Task to complete> Only the count should appear in your answer: how many lines of the data below contain the word "Myanmar"?

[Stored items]
━━━━━━━━━━━━━━━━━━━━━━━━━━━━━━

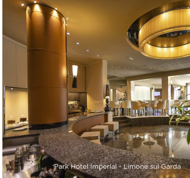
Park Hotel Imperial - Limone sul Garda

Larte Restaurant Dubai - UAE Lords of Verona Apartments - Verona Lungarno Collection Hotels - Florence / Rome Mandarin Oriental Hotel Lago di Como - Blevio (CO) Mandarin Oriental Hotel Milan - Milan Costa Smeralda - Costa Crociere Group - Genoa Omega Boutiques Palazzo di Varignana Resort & SPA - Castel S. Pietro Terme (BO) Palazzo Segreti Hotel - Milan Palazzo Vendramin-Costa Apartments - Venice Panerai Boutiques Park Hotel Imperial - Limone sul Garda (BS) Raffles Europejski Warsaw - Poland Ristorante 12 Apostoli - Verona Ristorante Aqua Crua - Barbarano Vicentino (VI) Ristorante Casa Perbellini - Verona Ristorante Le Calandre - Sarmeola di Rubano (PD) Ristorante L'Imbuto - Lucca Ristorante Lume - Milan Ristorante Quadri - Venice Rocco Forte Hotel de la Ville - Rome Rocco Forte Hotel Savoy - Florence Royal Champagne Hotel & SPA - Champillon - France Sanlorenzo Yachts Senato Hotel - Milan Speronari Suites - Milan The Central Tower Apartments - Milan
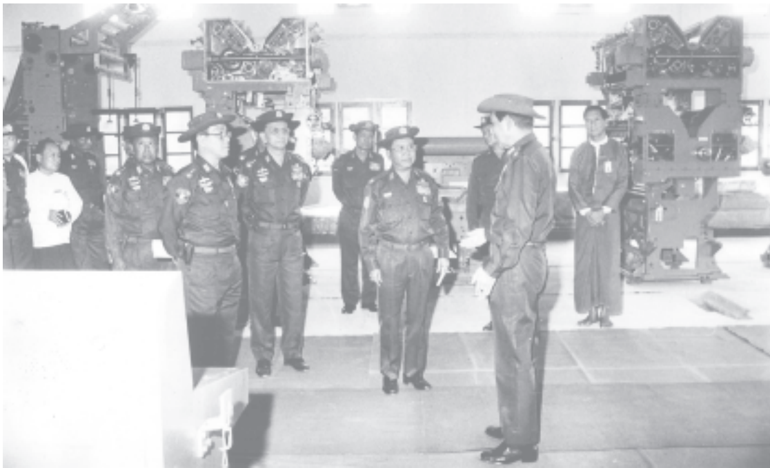
Vice-Senior General Maung Aye gives instructions to officials on installation of four unit rotary press at Upper Myanmar Government Press (Mandalay).—MNA

In the briefing hall, Minister for Information Brig-Gen Kyaw Hsan reported that Upper Myanmar Government Press (Mandalay) was established with a view to printing necessary school textbooks in Mandalay and distributing them to basic education students from Upper Myanmar.
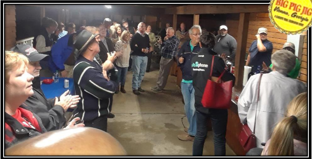
Friday night guests at the City of Vienna booth
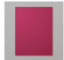
Merry Merlot 8-1/2" X 11"
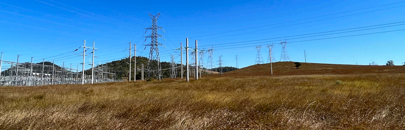
Existing Woolooga Substation
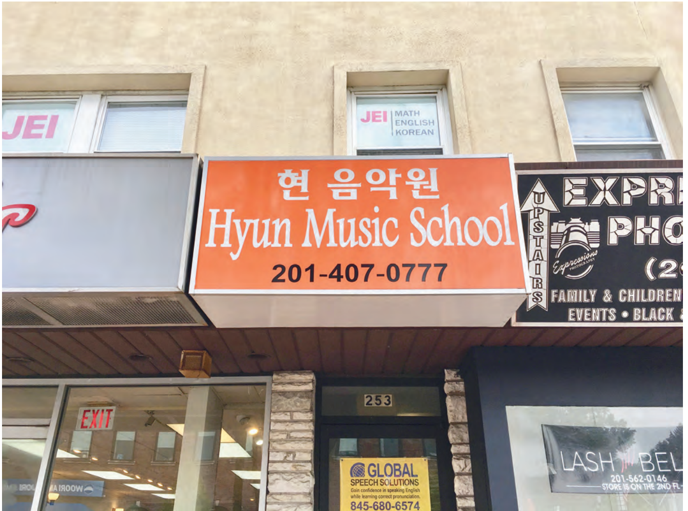
Hyun Music School 251 Closter Dock Road Closter, New Jersey 07624
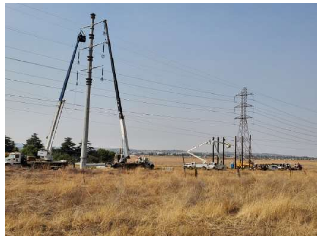
Photo 3 – Wire wreck-out activities at Construction Area WSS-4X15-4X16, Segment 4 (September 14, 2020).
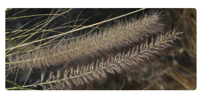
Fountain Grass spike.

The stems all grow from crown tissue just below the ground surface. Each year the base diameter increases and the stems become more numerous.
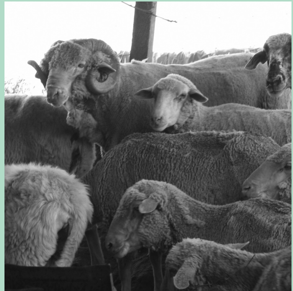
Sopravvissana sheep - in demand, but out of reach for farmers

But the herders need some kind of public support. "I can't make a gift of these sheep" they say. Which is true. The most productive sheep in Italy now - the Sarda - can give up to one litre of milk per day, while the Sopravvissana produces only one-fifth of a litre. The herders have made a conscious decision to keep the traditional sheep and they have a right to some kind of non-monetary compensation.
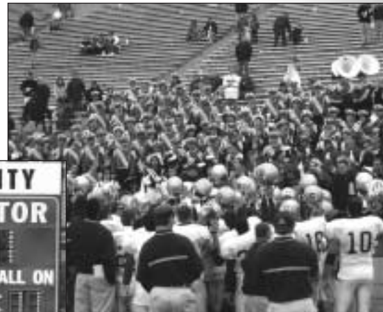
October 18, 2003: Georgetown celebrates its 42-20 victory at Cornell.

Georgetown faces its first Ivy League opponent since 1937 and defeats Cornell 42-20.
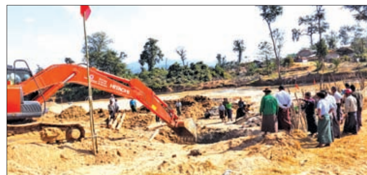
Workers are carrying out earth work near a new bridge construction.

After finishing the project, the bridge will link Banmouk, Homalin and Pinlebu townships providing access to public transportation.
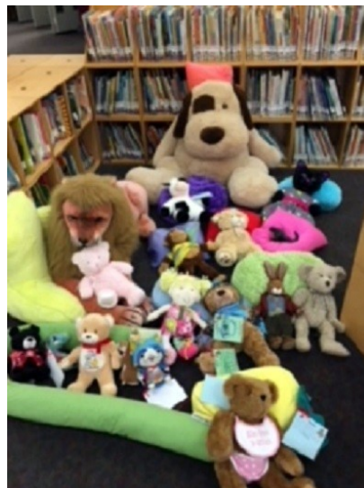
Teddy Bear Sleepover at Thompson Public Library!
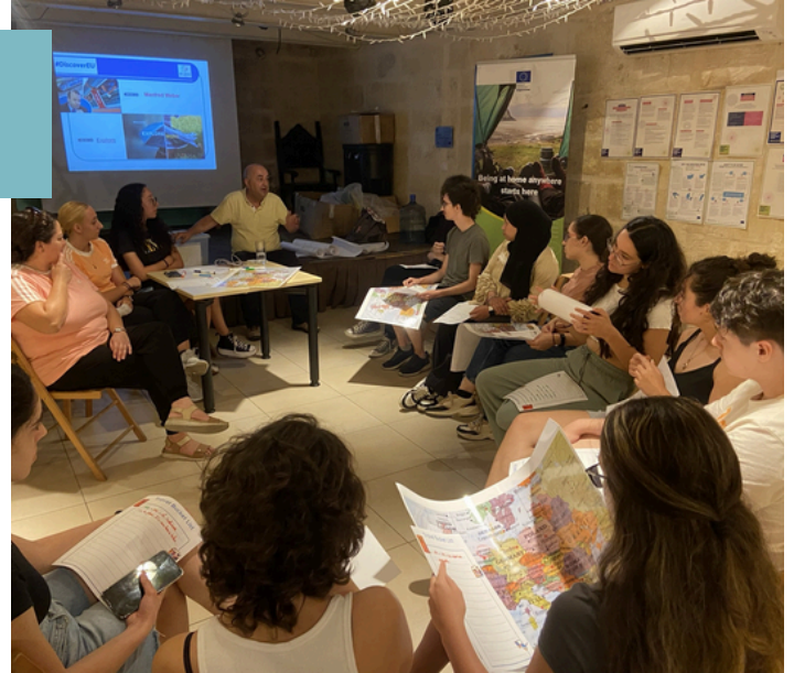
DiscoverEU Meeting - Preparations in full effect

During this meeting, Maltese 18 years old attended the pre-departure meeting held by EUPA's Youth team in anticipation of their upcoming DiscoverEU journey. Here, participants got a rundown of the trip's agenda and got the chance to raise any queries they might have had. Such a meeting also provided them with the opportunity to learn more about the importance of the DiscoverEU priorities, such as the exploration of Europe's cultural heritage and history.
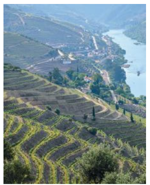
QUINTA DOS MALVEDOS

As a result of the adjustments to the picking plan, each vineyard at Malvedos and Tua was picked at optimal ripeness. The Valdossa vineyard, high above the Malvedos estate house, produced superb grapes from its 30-year-old Touriga Nacional, their maturity delivering wines of
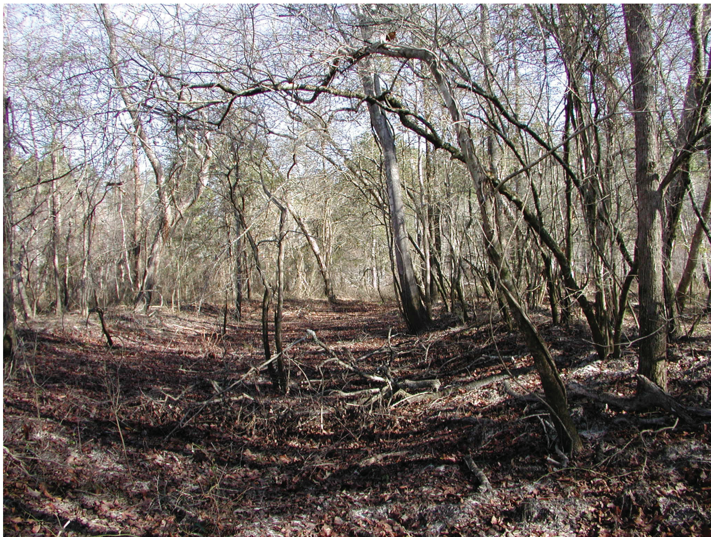
Typical "ridge and swale" topography resulting from an aggrading point bar on the Ochlockonee River, Lake Talquin State Forest (Leon County)
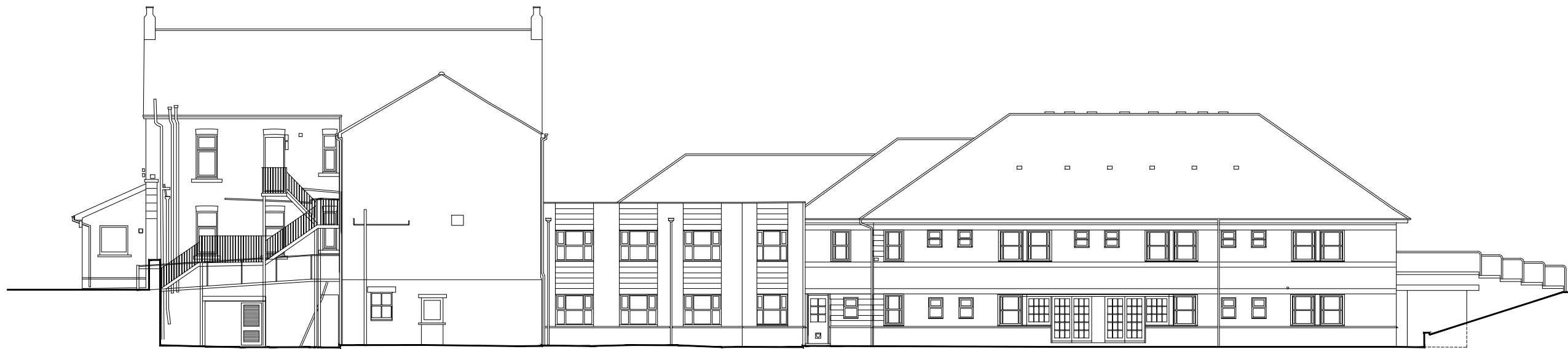
E.23 Existing East Elevation
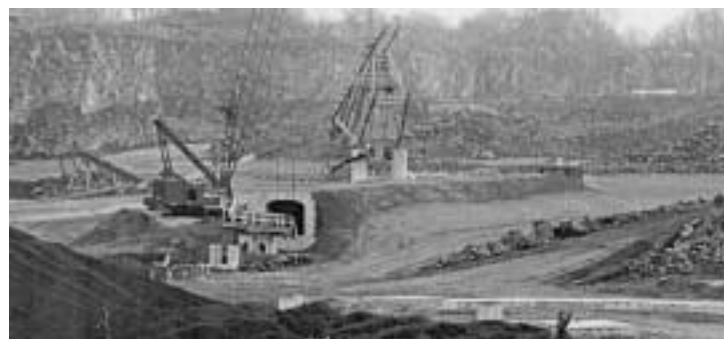
Baldwin Cranes 999 Manitowoc at work in Brox Industries Dracut Quarry

This November we are faced with one of the most important presidential elections most of us will ever be part of. If we want to continue getting the wages and benefits that we all enjoy having a Union presence in the work place, we NEED to get John Kerry elected. I ask that everyone get out and vote especially our Maine and New Hampshire members.
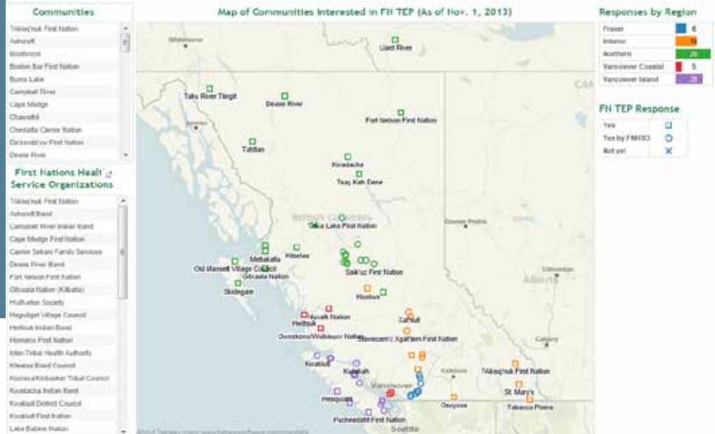
Right: Tableau Map of potential Wave 1 First Nations communities for Telehealth expansion

As of November 1st, First Nations Health Service Organizations representing 64 communities across the province had expressed interest in the project.
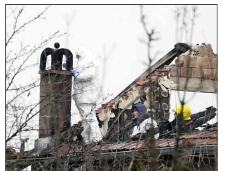
Police officers inspect a home for the elderly where eight people died in a fire, in Barajevo, a municipality of Belgrade, Serbia on Jan 20.

As far as the Polish authorities are concerned, their methods are working. The number of people arriving in Polowce has dropped significantly. Around 670 people applied for asylum there last year, and none to mid-January. The Office for Foreigners was empty when reporters visited.
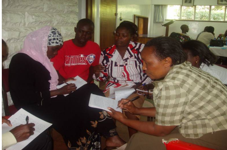
Participants in a group discussion on women and HIV/AIDS

After final recommendations were given as listed above, 8 representatives were selected and were tasked with the responsibility to review the document before submission and or presentation to the CLEP during the national hearing conference on 27 and 28 th November 2006.

━━━━━━━━━━━━━━━━━━━━━━━━━━━━━━

Expected answer> 2